В сущности, это главный вопрос творчества сегодня, который, видимо, для Агеева мучителен. Не случайно он взялся играть главного героя сам. Даже Казанцев этого не понял, многие считают, что он просчитался. Но мне-то кажется, что поступил как раз разумно, и этот ход был для него концептуален. Он играет Минетти, известного актера, вроде как гения, и играет его, очень точно изображая внешне своего учителя А. Васильева, голосом, жестами, наконец, слова и идеи вполне совпадают. Например, идея М. «накрыть тупость колпаком духовности». Образ, надо сказать, почти пародиен, что, собственно, и мешало мне принять спектакль целиком. Я так и не поняла, как ответил режиссер на главный для себя вопрос. При этом понятно, что и неврастения, и экзальтация М. выдают в нем личность неординарную, его непонятные мысли заразительны даже для портье и проститутки, которых он встречает в отеле.

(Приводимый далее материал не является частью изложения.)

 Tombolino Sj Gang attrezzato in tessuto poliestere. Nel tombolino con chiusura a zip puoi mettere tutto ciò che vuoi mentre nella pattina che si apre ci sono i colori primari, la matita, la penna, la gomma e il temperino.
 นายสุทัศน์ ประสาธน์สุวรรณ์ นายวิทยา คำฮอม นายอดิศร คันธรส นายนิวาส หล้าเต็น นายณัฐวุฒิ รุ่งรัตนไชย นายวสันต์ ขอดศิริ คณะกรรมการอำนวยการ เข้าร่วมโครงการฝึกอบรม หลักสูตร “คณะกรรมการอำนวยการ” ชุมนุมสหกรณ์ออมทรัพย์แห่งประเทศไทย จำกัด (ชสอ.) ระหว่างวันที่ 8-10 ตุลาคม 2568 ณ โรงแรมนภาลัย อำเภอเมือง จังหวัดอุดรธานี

Это такой отель недоразумений, в котором М. ждет своего Годо, некоего продюсера, который даст ему сыграть мечту его жизни – роль Лира. Фон – белый задник и арки, на которых мелькают тени и образы нормальной жизни. Жизнь бежит, движется, как фигурки в театре теней. На белом экране по заднику: фигурки молодые, обнимающиеся, беременные, на костылях, стареющие…

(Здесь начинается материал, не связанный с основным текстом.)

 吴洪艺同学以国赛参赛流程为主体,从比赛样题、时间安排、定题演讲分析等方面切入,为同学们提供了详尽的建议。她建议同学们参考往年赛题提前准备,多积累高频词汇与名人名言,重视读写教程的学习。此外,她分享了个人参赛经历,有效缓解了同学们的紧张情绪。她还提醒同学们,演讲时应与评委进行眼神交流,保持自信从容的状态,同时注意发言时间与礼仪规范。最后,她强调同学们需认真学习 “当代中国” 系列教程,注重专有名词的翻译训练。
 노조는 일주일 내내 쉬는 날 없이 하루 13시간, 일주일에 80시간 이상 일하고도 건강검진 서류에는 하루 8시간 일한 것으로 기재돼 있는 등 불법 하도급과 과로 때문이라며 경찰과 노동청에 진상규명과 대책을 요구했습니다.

Короче, жизнь идет, время стоит, а М. ждет. Агеев хорошо подметил это стоящее на месте время, это великое ожидание, перемешанное со страхом человека, который боится опозориться, и хвастовством человека, который талантлив, но недоласкан, недополучил свое, заслуженное. В текстах-парадоксах Т. Бернхарда – просто-таки повторы мыслей А. В. Думаю, это и было решающим аргументом для Агеева. Надо посмотреть пьесу.

Не помню, чья мысль, М. или моя: истинный художник должен быть полностью безумен. Только трусом художнику быть нельзя. М., естественно, в финале умирает не понятый и никого не дождавшийся. Мне не хватило определенности позиции режиссера. М. часто смешон, жестоко пародиен. Но я должна понимать отношение А. к этому. Он мне, зрителю, неприятен, но я должна понимать, почему: потому что гений – всегда гад или потому, что я, филистер, не способен понять его идеи. Или и то, и другое сразу.

* * *

«Трансфер» М. Курочкина, реж. М. Угаров, Центр драматургии и режиссуры А. Казанцева.

Трансфер (по словарю) – перевод иностранной валюты или золота из одной страны в другую, передача права владения ценными бумагами или акциями от одного лица другому.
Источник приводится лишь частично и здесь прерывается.